[Exercise brief] Quote the entries in full, character for character, without their images.
[Stored data]
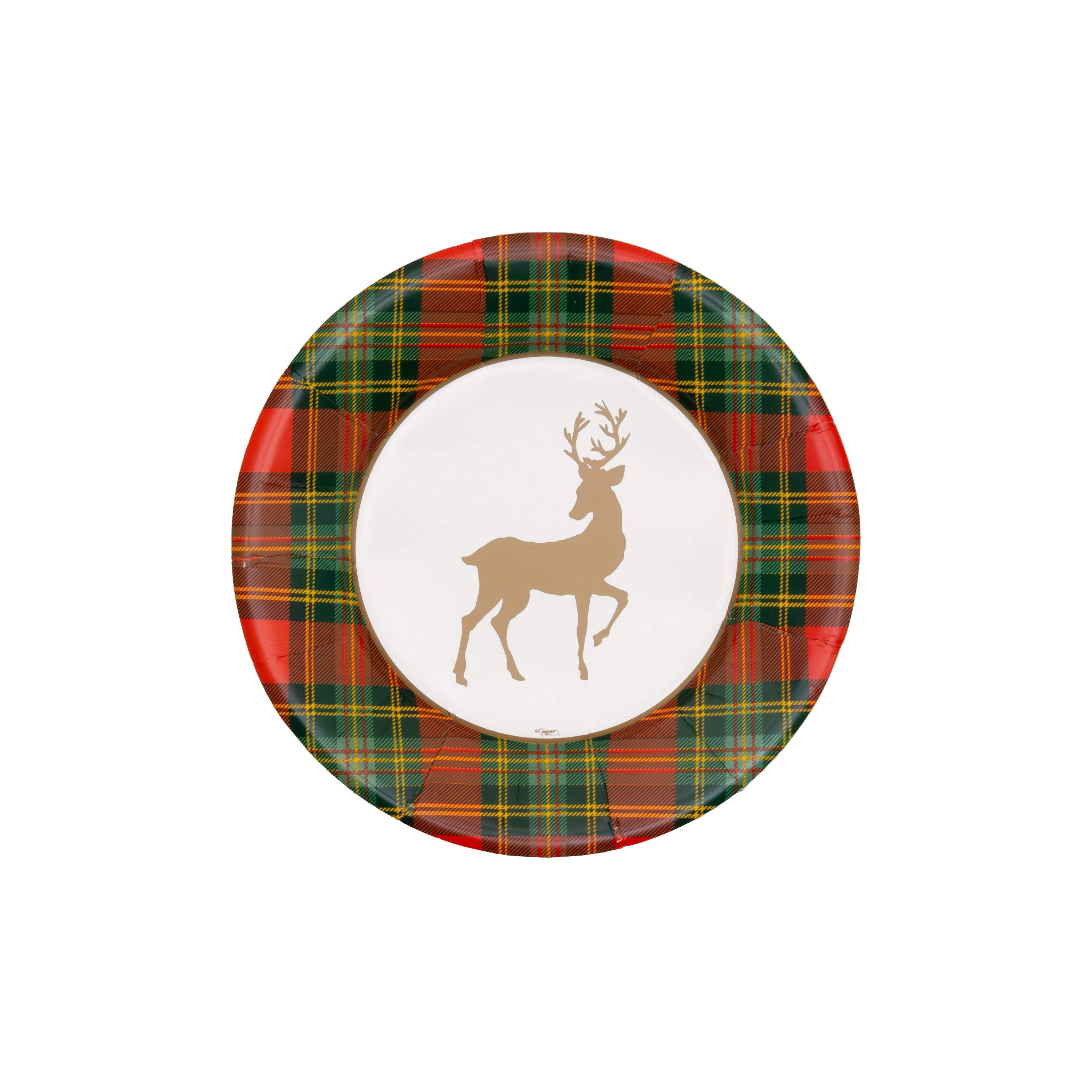 Reindeer Tartan Red Paper Salad & Dessert Plates - includes 8 Paper Salad & Dessert Plates
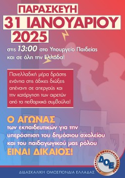 Σε κοινή καταγγελία με τους Συλλόγους Εκπαιδευτικών «Αλέξανδρος Δελμούζος», Ανατ. Αττικής «Κώστας Σωτηρίου», Γλυφάδας - Βάρης - Βούλας - Βουλιαγμένης, που επίσης καλούν στην αυριανή κινητοποίηση, απαιτούν «να σταματήσουν τώρα η βιομηχανία διώξεων και οι απειλές» και αναδεικνύονται μια σειρά από τέτοια κρούσματα απέναντι σε εκπαιδευτικούς.
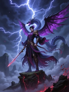 gfs, holding, chinese clothes, dragon, weapon, purple wings, holding weapon, 1boy, holding sword, purple eyes, chinese dragon, lightning, wings, standing, sfw, long sleeves, black hair, full body, holding_katana, cloud, original, male focus, sword, lightning_bolt, katana, dark, purple hair, black wings, solo, storm, looking at viewer<lora:S-T-国风玄幻-S1.4:1>
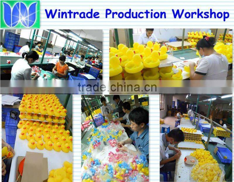 We Wintrade(Rongqi Toy Factory) is a manufacturer of Rubber duck,bath toy and flashing toys,integrating R&D and sale.Our products are extensively used in bathroom,promotion and other industries. Guaranteeing stable and timely supply, credible quality and sincere service, our products sell well in overseas markets,especially EU and US.We have obtained ROHS,CE,ASTM,EN71,1,2,3,Phthalates and etc product certificates. If you are interested in any of our products, or wish to place a customized order, please contact us. We will do our best to meet your needs.
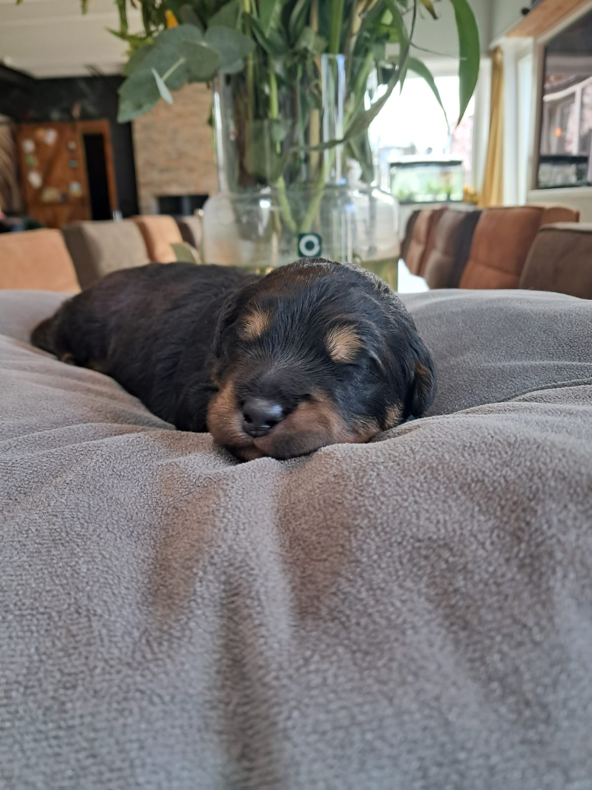 Wij hebben een prachtig nestje F1 pups van onze multigen labradoodle Odin (grote medium, bijna geen verharen) en Berner Sennen Bobbi.
[/Stored data]
[Task solution]
 Reindeer Tartan Red Paper Salad & Dessert Plates - includes 8 Paper Salad & Dessert Plates
 Σε κοινή καταγγελία με τους Συλλόγους Εκπαιδευτικών «Αλέξανδρος Δελμούζος», Ανατ. Αττικής «Κώστας Σωτηρίου», Γλυφάδας - Βάρης - Βούλας - Βουλιαγμένης, που επίσης καλούν στην αυριανή κινητοποίηση, απαιτούν «να σταματήσουν τώρα η βιομηχανία διώξεων και οι απειλές» και αναδεικνύονται μια σειρά από τέτοια κρούσματα απέναντι σε εκπαιδευτικούς.
 gfs, holding, chinese clothes, dragon, weapon, purple wings, holding weapon, 1boy, holding sword, purple eyes, chinese dragon, lightning, wings, standing, sfw, long sleeves, black hair, full body, holding_katana, cloud, original, male focus, sword, lightning_bolt, katana, dark, purple hair, black wings, solo, storm, looking at viewer<lora:S-T-国风玄幻-S1.4:1>
 We Wintrade(Rongqi Toy Factory) is a manufacturer of Rubber duck,bath toy and flashing toys,integrating R&D and sale.Our products are extensively used in bathroom,promotion and other industries. Guaranteeing stable and timely supply, credible quality and sincere service, our products sell well in overseas markets,especially EU and US.We have obtained ROHS,CE,ASTM,EN71,1,2,3,Phthalates and etc product certificates. If you are interested in any of our products, or wish to place a customized order, please contact us. We will do our best to meet your needs.
 Wij hebben een prachtig nestje F1 pups van onze multigen labradoodle Odin (grote medium, bijna geen verharen) en Berner Sennen Bobbi.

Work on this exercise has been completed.